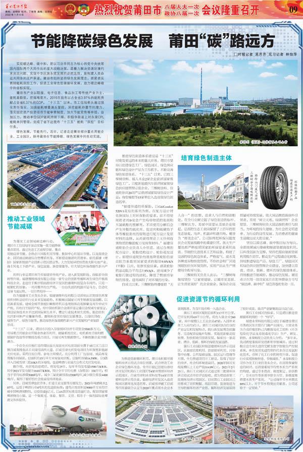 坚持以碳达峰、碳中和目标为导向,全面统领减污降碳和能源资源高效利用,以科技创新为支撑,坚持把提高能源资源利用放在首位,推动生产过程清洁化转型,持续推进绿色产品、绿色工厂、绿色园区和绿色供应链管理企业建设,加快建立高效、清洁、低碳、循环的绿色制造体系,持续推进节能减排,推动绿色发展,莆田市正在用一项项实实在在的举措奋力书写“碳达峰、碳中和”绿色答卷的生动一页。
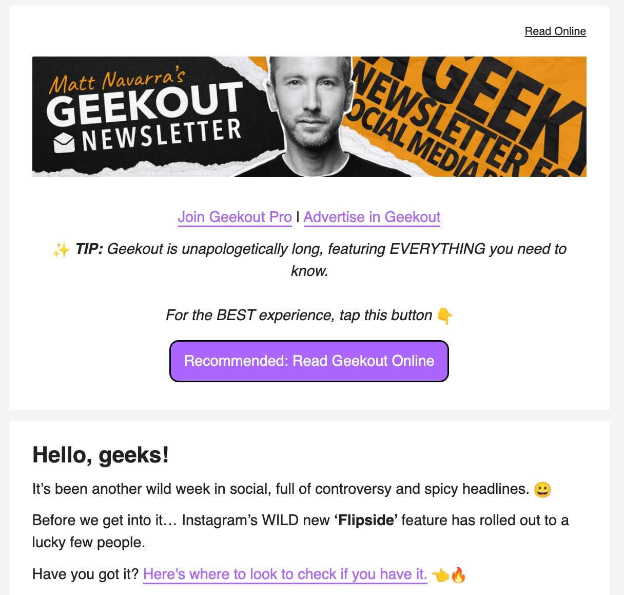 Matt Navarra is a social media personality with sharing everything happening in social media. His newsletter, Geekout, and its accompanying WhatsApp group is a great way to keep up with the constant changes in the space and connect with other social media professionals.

• • • •

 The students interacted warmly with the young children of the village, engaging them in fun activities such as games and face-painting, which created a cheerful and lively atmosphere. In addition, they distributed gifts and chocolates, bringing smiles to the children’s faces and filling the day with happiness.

• • • •

◆ Prompt ◆
In the data above, find the line containing "坚持以碳达峰、碳中和目标为导" and the line containing "Matt Navarra is a". Copy exactly the stretch from the first through the second, both included, leaving out any picture.

◆ Answer to this exercise ◆
 坚持以碳达峰、碳中和目标为导向,全面统领减污降碳和能源资源高效利用,以科技创新为支撑,坚持把提高能源资源利用放在首位,推动生产过程清洁化转型,持续推进绿色产品、绿色工厂、绿色园区和绿色供应链管理企业建设,加快建立高效、清洁、低碳、循环的绿色制造体系,持续推进节能减排,推动绿色发展,莆田市正在用一项项实实在在的举措奋力书写“碳达峰、碳中和”绿色答卷的生动一页。
 Matt Navarra is a social media personality with sharing everything happening in social media. His newsletter, Geekout, and its accompanying WhatsApp group is a great way to keep up with the constant changes in the space and connect with other social media professionals.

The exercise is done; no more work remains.